In C since C99, even dynamic multidimensional arrays can be easily allocated in one go with malloc and freed with free:

double (*A)[n] = malloc(sizeof(double[n][n]));

for (size_t i = 0; i < n; ++i)
  for (size_t j = 0; j < n; ++j)
      A[i][j] = someinvolvedfunction(i, j);

free(A);
Jens Gustedt
  • 76,821
  • 6
  • 102
  • 177
  • This is the preferred way, avoid pointer-to-pointer syntax. I'm not sure, but I believe this worked in C90 too however? Surely array pointers were around before C99? At least "mangled" arrays worked, ie `double* A = malloc(x*y*sizeof(double));`. – Lundin Sep 17 '12 at 15:54
  • 1
    @Lundin, no unfortunately the declaration part `double (*A)[n]` only worked if `n` was a compile time constant, basically a macro or `enum` constant. – Jens Gustedt Sep 17 '12 at 15:56
  • 1
    Aha, well I guess it doesn't make much sense to allocate dynamically with the size known at compile time :) Although, is the 'n' mandatory? Couldn't you write `double (*A)[] =` ? – Lundin Sep 17 '12 at 16:02
  • 2
    @Lundin: sometimes it makes sense to allocate dynamically with the size known at compile time, because a multi-dimensional array can pretty easily blow the stack. – Steve Jessop Sep 17 '12 at 16:05
  • @Lundin, the `[]` notation only works if the size can be deduced from the initializer expression. This would never be the case for `malloc`ed pointers to arrays. – Jens Gustedt Sep 17 '12 at 16:07
  • Great answer! I actually was not aware of this as an option. – Mike Sep 17 '12 at 19:34
  • 1
    @JensGustedt Can you return A from a function, and if so what is the return type? – Scooter Sep 21 '12 at 16:43
  • @Scooter, no pointer to VLA as such can unfortunately not be returned from function. You could have return `void*`, but the size and type information would be lost. In the syntactically weird corners of C you can return pointers to arrays of fixed size `double (*foo(void)[34][8]` or undetermined size `double (*foo(void)[]`. I think syntactically it would be possible to exetend also to VLA, perhaps I will put that on my list: http://p99.gforge.inria.fr/defects-and-improvements – Jens Gustedt Sep 21 '12 at 17:57
  • Make dynamic everything that you could want to reshape, and static everything you know that it wouldn't be reshaped.This case is preferred only if you don't want to reshape both dimensions. – Ramy Al Zuhouri Nov 05 '12 at 17:30
17

There are at least four different ways to create or simulate a multi-dimensional array in C89.

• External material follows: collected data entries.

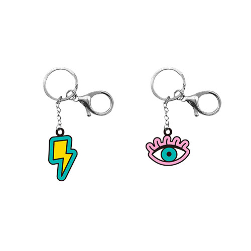 SPIL – Portachiavi con ciondolo in metallo. Due modelli Girl (Occhio) e Boy (Fulmine).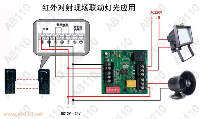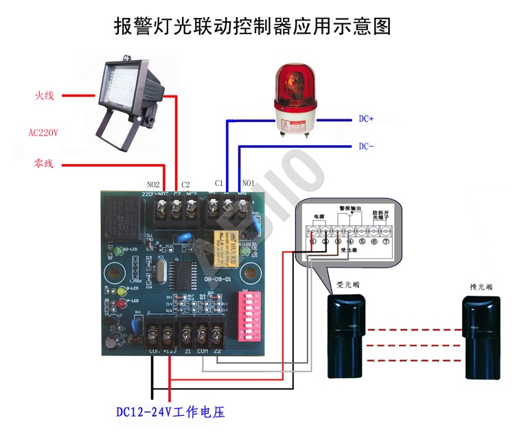 一款无需连接主机的报警联动控制器。对于周界报警器采用分线制报警主机控制,不便于现场报警;如果客户想实现现场报警 警号输出,通常我们的做法必须从控制主机处拉线过去或者在围墙上接一个大功率继电器来实现;对于前者要费工费料,后者则在报警后又没有亮灯延时的功能。针对以上情况,我公司开发生产了“多功能报警联动控制器”,该产品可以有效的实施现场报警,周边防区入侵实时 、警笛联动,能够做到及时阻慑入侵者,也能更好提高现场光源,这样有效的解决了夜间光源低周界没有灯联动的难题!只需一个常闭或常开开关量输入:如红外探头,对射,紧急按钮等常闭/常开信号,即可联动另一端的强电开关(常开开关),并配有输出开关延时,使另一端保持一定的时间与输入开关量同步。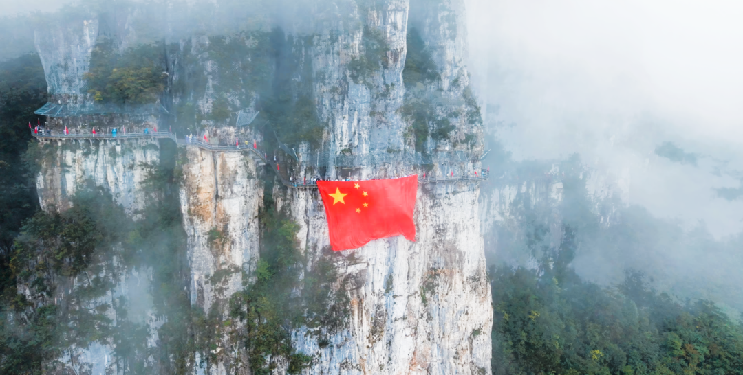 与此同时,七星寨绝壁栈道上,一面巨幅国旗在巍峨绝壁间徐徐展开,这一壮观景象引得游客纷纷驻足仰望。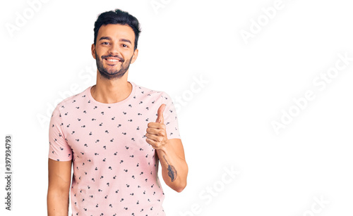 Young handsome hispanic man wearing casual clothes smiling happy and positive, thumb up doing excellent and approval sign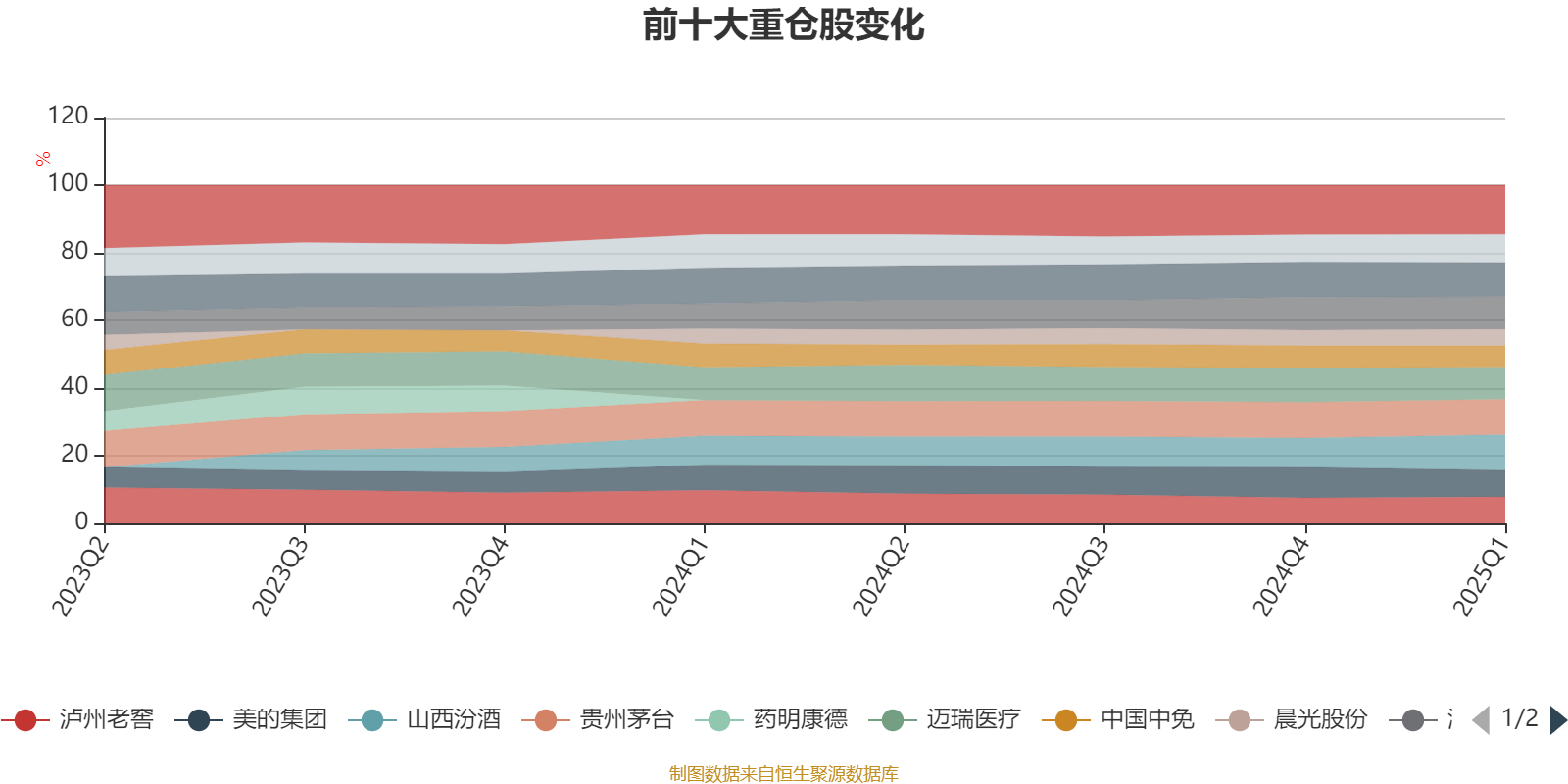 该基金持股集中度较高,且持股标的较为稳定,近2年前十大重仓股集中度长期超过60%。截至2025年一季度末,基金十大重仓股分别是山西汾酒、贵州茅台、五粮液、海大集团、迈瑞医疗、古井贡酒、泸州老窖、美的集团、中国中免、晨光股份。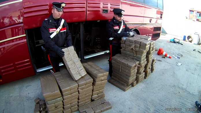 I quattro si erano organizzati per far giungere un grosso carico di stupefacente dalla Spagna a Villaricca. Per il trasporto avevano modificato un autobus, creando doppifondi e un nascondiglio a tenuta stagna. L’intervento dei carabinieri è scattato all’alba. L’auto di uno dei sospettati precedeva l’autobus – guidato dal fratello della proprietaria – mentre una Jeep con altri due indagati lo seguiva a vista. Il pedinamento dei mezzi si è protratto fino al deposito dei bus: a quel punto i militari dell’Arma sono intervenuti bloccando in sicurezza i quattro e procedendo alle perquisizioni. Tra pannelli, sedili e parti meccaniche, la scoperta: nel vano bagagli era stato creato un sistema di occultamento di ferro chiuso ermeticamente con silicone. Stesso sistema sotto le file dei sedili per i passeggeri. Rinvenuti 800 panetti di hashish, ciascuno del peso di un chilo. Tutto il carico era stato impregnato di aceto per nasconderne l’odore e sfuggire a eventuali controlli di Unità Cinofile.
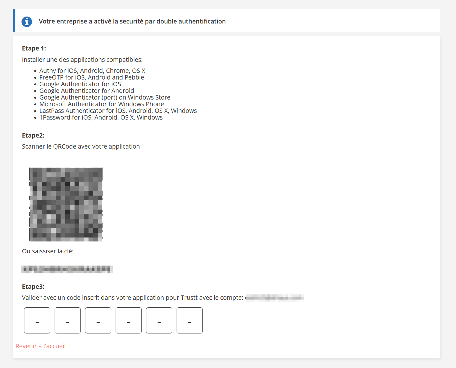 Vous saisissez manuellement la clé d’activation et l’application vous propose un code pour Trustt pour votre compte.

One is "allocate each row separately", described by Mike in his answer. It is not a multidimensional array, it merely imitates one (in particular it mimics the syntax for accessing an element). It can be useful in the case where each row has different size, so you aren't representing a matrix but rather something with a "ragged edge".

One is "allocate a multidimensional array". It looks likes this:

int (*rows)[NUM_ROWS][NUM_COLS] = malloc(sizeof *rows);
...
free(rows);

Then the syntax to access element [i,j] is (*rows)[i][j]. In C89, both NUM_COLS and NUM_ROWS must be known at compile-time. This is a true 2-D array, and rows is a pointer to it.

One is, "allocate an array of rows". It looks like this:

int (*rows)[NUM_COLS] = malloc(sizeof(*rows) * NUM_ROWS);
...
free(rows);

Then the syntax to access element [i,j] is rows[i][j]. In C89, NUM_COLS must be known at compile-time. This is a true 2-D array.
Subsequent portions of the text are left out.